== Data under study ==
-- Opening Marker --

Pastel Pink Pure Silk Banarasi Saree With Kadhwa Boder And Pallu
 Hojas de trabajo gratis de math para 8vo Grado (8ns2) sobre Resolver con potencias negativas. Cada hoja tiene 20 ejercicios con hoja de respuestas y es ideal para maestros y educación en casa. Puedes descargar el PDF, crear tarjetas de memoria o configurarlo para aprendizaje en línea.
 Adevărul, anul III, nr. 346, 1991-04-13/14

-- Closing Marker --
-- Opening Marker --

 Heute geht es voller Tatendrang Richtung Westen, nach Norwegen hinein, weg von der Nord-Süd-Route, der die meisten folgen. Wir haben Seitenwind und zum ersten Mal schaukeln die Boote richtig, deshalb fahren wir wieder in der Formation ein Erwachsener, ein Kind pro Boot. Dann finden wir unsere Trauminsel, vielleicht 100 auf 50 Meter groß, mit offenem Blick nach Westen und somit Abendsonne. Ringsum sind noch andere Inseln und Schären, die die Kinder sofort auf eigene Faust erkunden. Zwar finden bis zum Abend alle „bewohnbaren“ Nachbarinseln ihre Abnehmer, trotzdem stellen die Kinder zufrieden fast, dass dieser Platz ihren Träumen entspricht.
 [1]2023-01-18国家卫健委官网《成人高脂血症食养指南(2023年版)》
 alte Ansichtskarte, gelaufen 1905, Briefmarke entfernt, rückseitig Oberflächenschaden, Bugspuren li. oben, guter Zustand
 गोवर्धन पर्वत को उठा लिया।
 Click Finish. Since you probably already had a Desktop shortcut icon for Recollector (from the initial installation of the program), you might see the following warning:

-- Closing Marker --
-- Opening Marker --

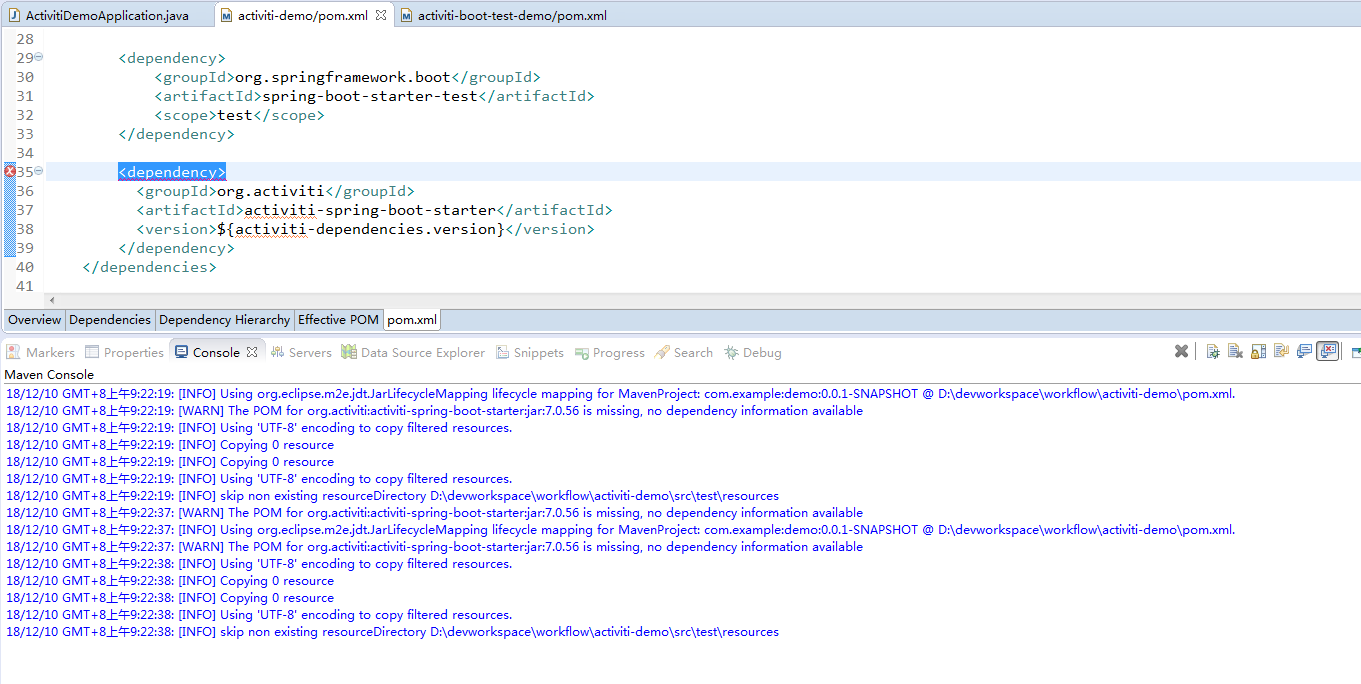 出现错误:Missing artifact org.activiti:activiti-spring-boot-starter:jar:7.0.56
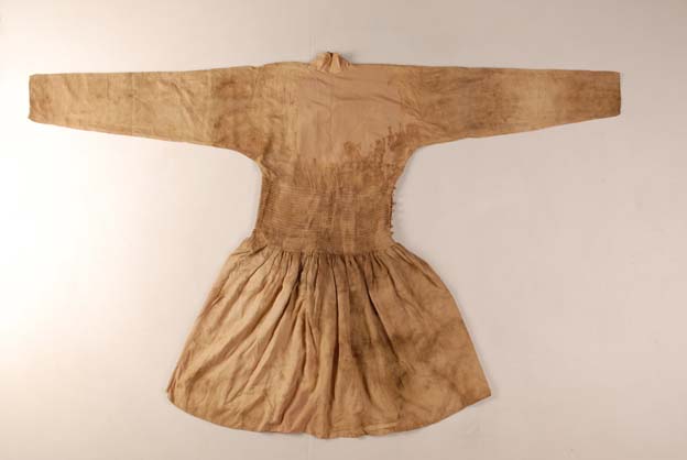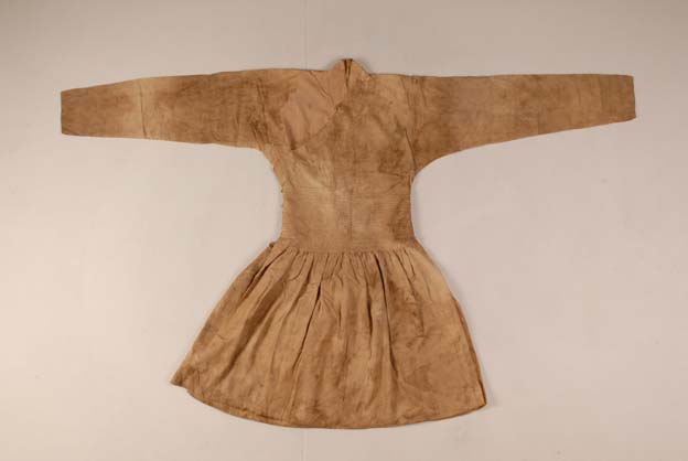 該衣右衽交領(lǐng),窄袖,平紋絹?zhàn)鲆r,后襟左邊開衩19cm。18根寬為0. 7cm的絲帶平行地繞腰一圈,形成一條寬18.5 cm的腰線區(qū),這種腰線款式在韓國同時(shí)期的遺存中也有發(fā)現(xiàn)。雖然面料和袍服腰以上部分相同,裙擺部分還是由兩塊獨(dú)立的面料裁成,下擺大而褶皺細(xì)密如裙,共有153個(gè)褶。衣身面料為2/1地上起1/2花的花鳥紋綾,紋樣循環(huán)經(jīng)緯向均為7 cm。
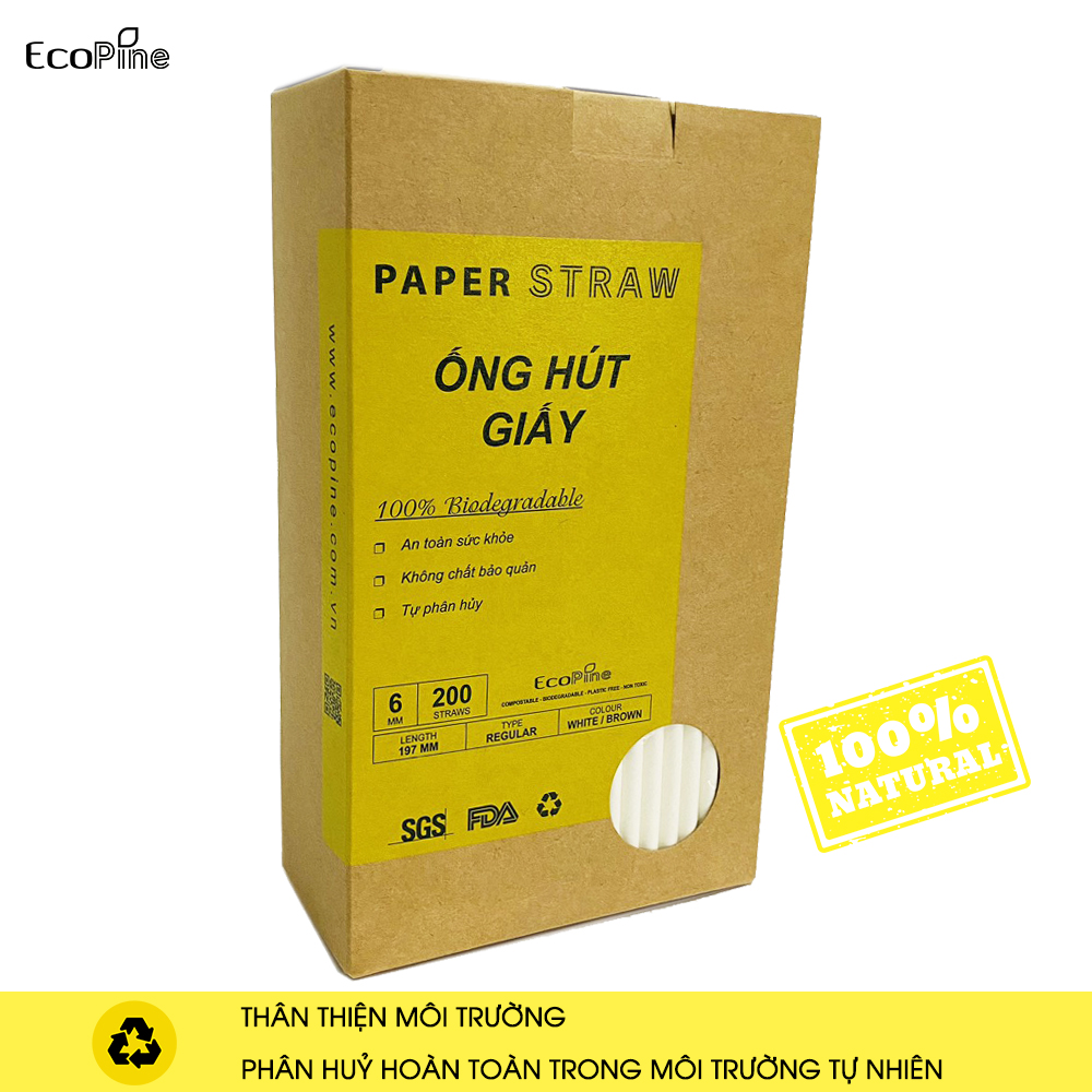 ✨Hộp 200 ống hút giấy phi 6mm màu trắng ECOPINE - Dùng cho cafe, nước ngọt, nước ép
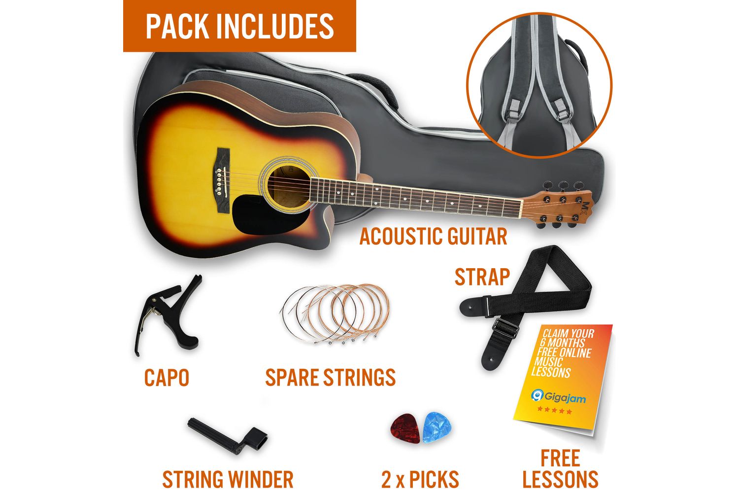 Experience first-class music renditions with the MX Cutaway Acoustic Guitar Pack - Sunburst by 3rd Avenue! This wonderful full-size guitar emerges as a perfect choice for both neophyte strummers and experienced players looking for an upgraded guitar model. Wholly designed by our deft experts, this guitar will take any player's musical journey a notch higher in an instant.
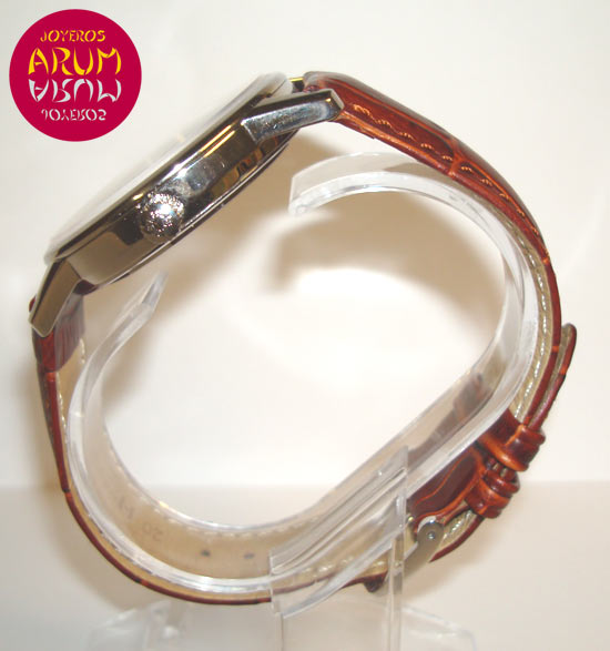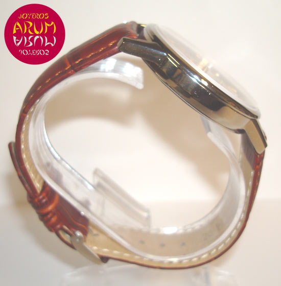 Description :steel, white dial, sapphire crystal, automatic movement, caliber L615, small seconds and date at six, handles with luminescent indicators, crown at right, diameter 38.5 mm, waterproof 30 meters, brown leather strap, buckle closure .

-- Closing Marker --

== What is needed ==
When you reach the line in the material above that holds "alte Ansichtskarte, gelaufen", begin reproducing lines exactly, and stop after the line that holds "Click Finish. Since".

== Solution for this exercise ==
 alte Ansichtskarte, gelaufen 1905, Briefmarke entfernt, rückseitig Oberflächenschaden, Bugspuren li. oben, guter Zustand
 गोवर्धन पर्वत को उठा लिया।
 Click Finish. Since you probably already had a Desktop shortcut icon for Recollector (from the initial installation of the program), you might see the following warning:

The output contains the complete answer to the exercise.